Questions about use of Creative Commons licensing

Shelley Powers asks some great questions about Creative Commons licensing:

By provided RDF/XML to desribe the license, the Creative Commons opened the door to including license information in any document formatted with markup, regardless of the appropriateness of the action, and our understanding of such actions. Such as in RSS feeds. Like this web page. Even extending to software, as Jon Udell demonstrated with his LibraryLookup functionality. Looking closer at Jon's use of the CCL, a question arises as to what exactly Jon is covering in the license: is it the LibraryLookup function? Or the contents of the web page where the license is embedded? This can't be understood just by the fact that the license is embedded in the same HTML page as the desciption of LibraryLookup. [ Shelley Powers]



My intent, expressed in the description embedded in the RDF, was to cover a "Method for using a JavaScript bookmarklet to extract the ISBN from an ISBN-bearing URL and use it to look up the book elsewhere, particularly in a local library." Not the software per se (of which there is hardly any), but the idea. And for the reason I stated: because business-method patents have been granted for even sillier things, and I saw this as a way to discourage that.

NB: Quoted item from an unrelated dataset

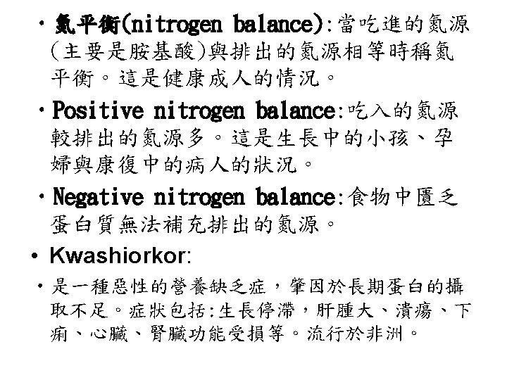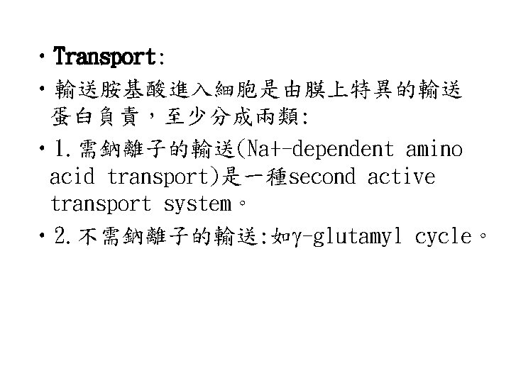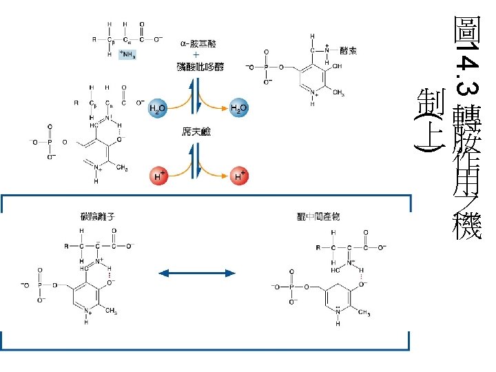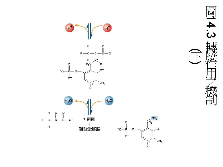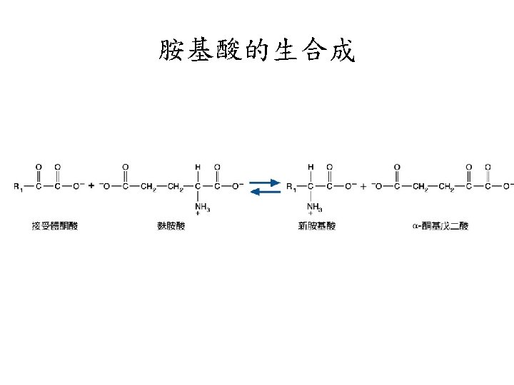 轉胺反應(transamination reaction): • 將 -amino acid的 -amino group轉給 keto acid。 • transamination是一個可逆反應,是胺基 酸合成與分解時所必需的反應。

Although Sam Ruby approves, Shelley (via Matt Croydon) points to this entry on Larry Lessig's blog:

Matt Croydon wonders about how CC licenses will interact with software. The answer is that they won't. We share RMS's concern that there is a proliferation of licenses in software. Our view was that there was a dearth for other creative content. Thus we start outside the software world. For now, at least. [ Lawrence Lessig]

I've asked, in the comments section there, for an opinion as to whether LibraryLookup should in fact not use the cc license.